Middlesex.  «Nací dos veces: Fui niña primero, en un increíble día sin niebla tóxica de Detroit, en enero de 1960; y chico después, en una sala de urgencias cerca de Petoskey, Michigan, en agosto de 1974». Así empieza esta maravilla de novela (novelón) que cuenta una historia familiar de varias generaciones.

Cómo ser mujer  Desde el humor y su mordaz punto de vista, la gran Caitlin Moran da una lección sobre el feminismo. Un libro capaz de hacerte reír y de reflexionar al mismo tiempo.

Patria. El gran éxito desde 2016. Con él hemos empezado el verano y aunque aún no nos hemos despedido -no nos queda mucho-, ya lo estamos echando de menos. Una gozada de libro sobre el conflicto vasco que maravilla por su estructura (sus capítulos cortos son adictivos) y su capacidad de profundizar en cada uno de los personajes de forma que seas capaz de entender todos los puntos de vista.

Dime quién soy. La historia de Amelia Garaoya, un personaje cuya vida transcurre paralela a los grandes acontecimientos del siglo XX, no te dejará dormir ni siesta ni por la noche.
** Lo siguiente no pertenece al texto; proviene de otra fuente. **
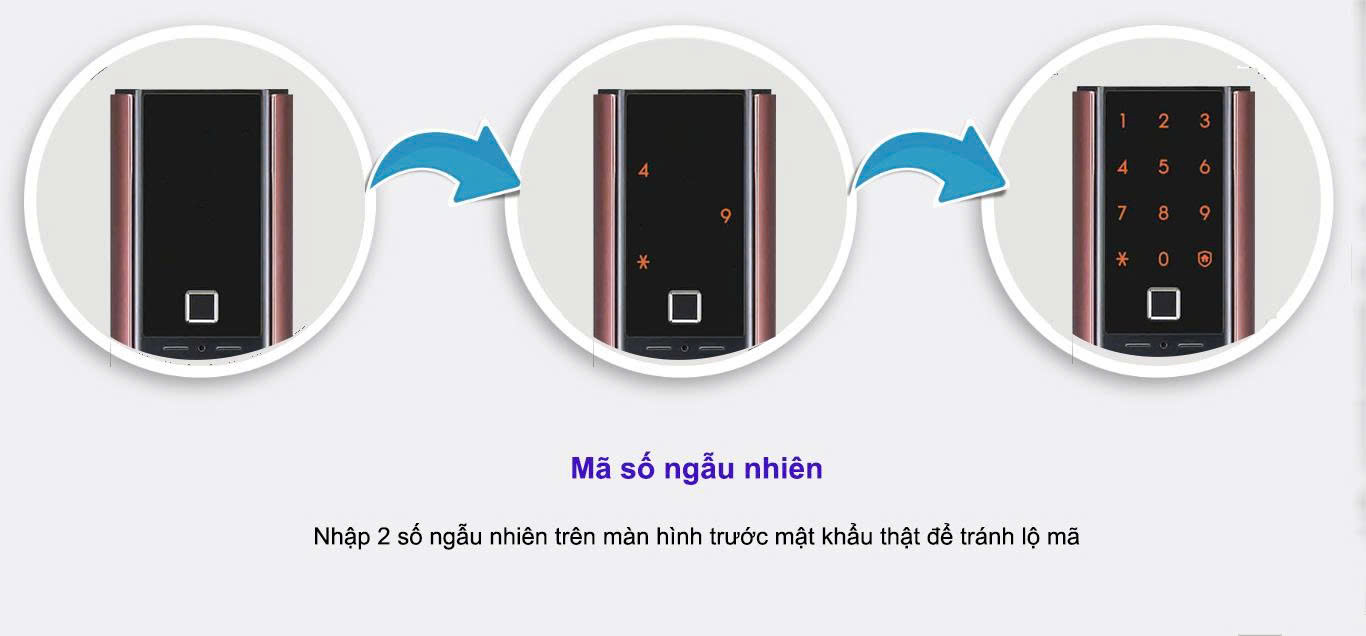 - Mã số ảo & cảnh báo sai mật khẩu: Tính năng mã số ảo giúp che giấu mật khẩu thật; nếu nhập sai mã quá nhiều lần, khóa sẽ tạm ngưng hoạt động và phát tín hiệu cảnh báo.

Océano Mar . Poesía hecha novela. Imaginación capaz de llevarte a un extraño lugar en el que conviven personajes fantásticos. Un cuento profundo para adultos intensitos (como yo).
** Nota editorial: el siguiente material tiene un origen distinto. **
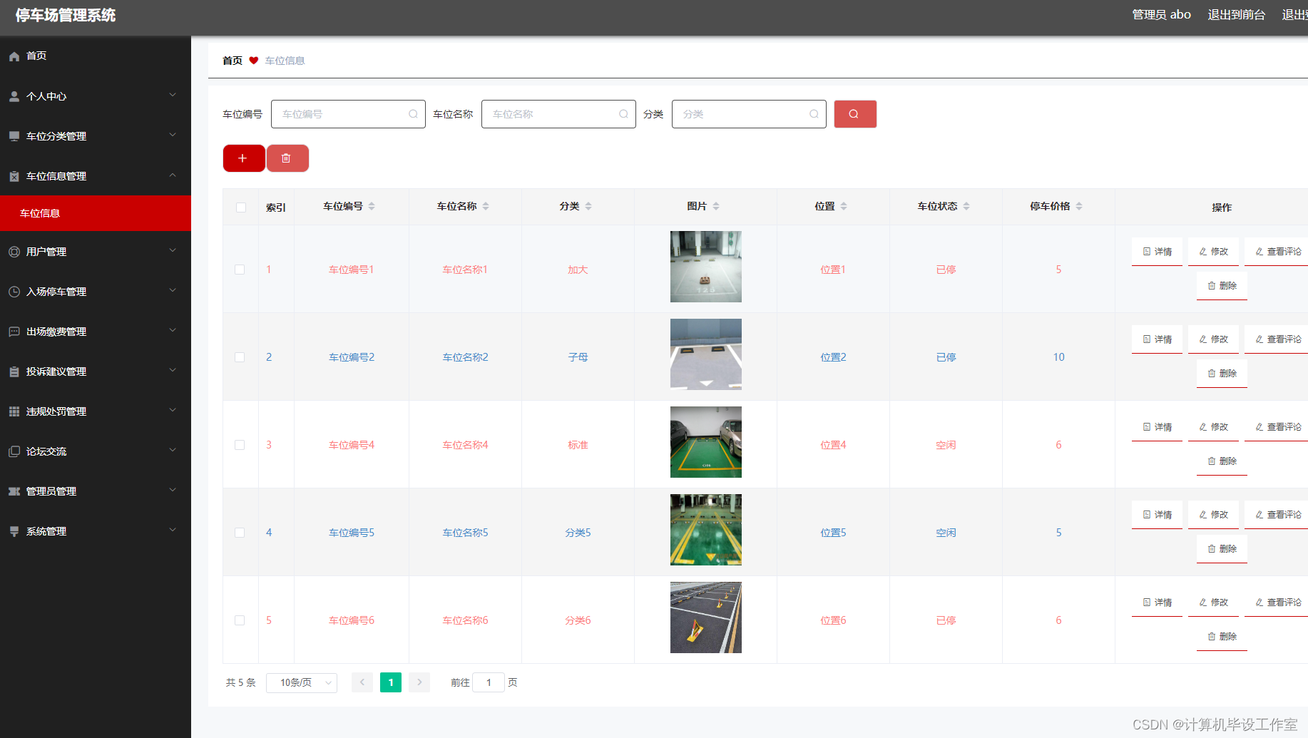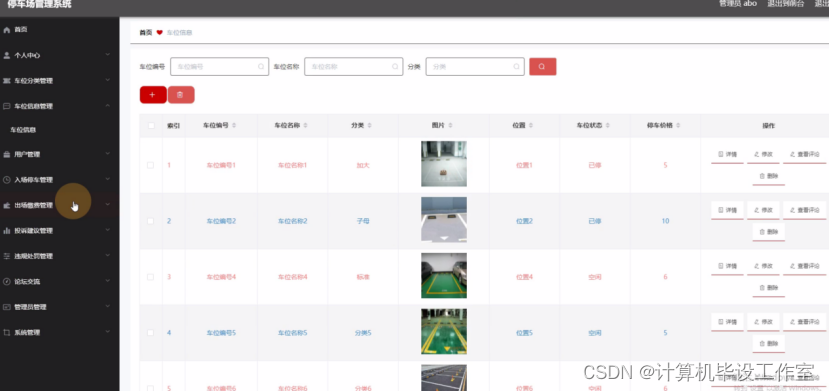 前台车位信息,通过内容列表可以获取车位编号、车位名称、分类、图片、位置、车位状态、停车价格、车位详情查看等操作,如图5-10所示。

Pureza . Hemos tenido dudas si recomendar Libertad o Pureza, ambas novelas de Jonathan Franzen igual de adictivas. Nos hemos decantado por esta última, porque tiene un punto más de tensión narrativa, pero ambas son maravillosas.

La flor púrpura.  Conocí a Chimamanda Ngozie Adichie por su fabulosa charla TED «Todos deberíamos ser feministas» y poco después esta novela se cruzó en mi vida. La historia de una familia nigeriana, contada desde la perspectiva de una adolescente capaz de mezclar ternura con terror y miedo. Una historia que sucede en Nigeria, pero que podría haber ocurrido en la casa de la esquina. Su capacidad descriptiva es tan brutal que eres capaz de imaginar lugares que nunca habías visto.

Manual para señoras de la Limpieza. Confieso que aún no he compartido lecho con este libro, pero Celia sí y nos lo recomienda muy fuerte.  Como son pequeñas historias, son ideales para hacer la digestión y la pausa entre chapuzón chapuzón.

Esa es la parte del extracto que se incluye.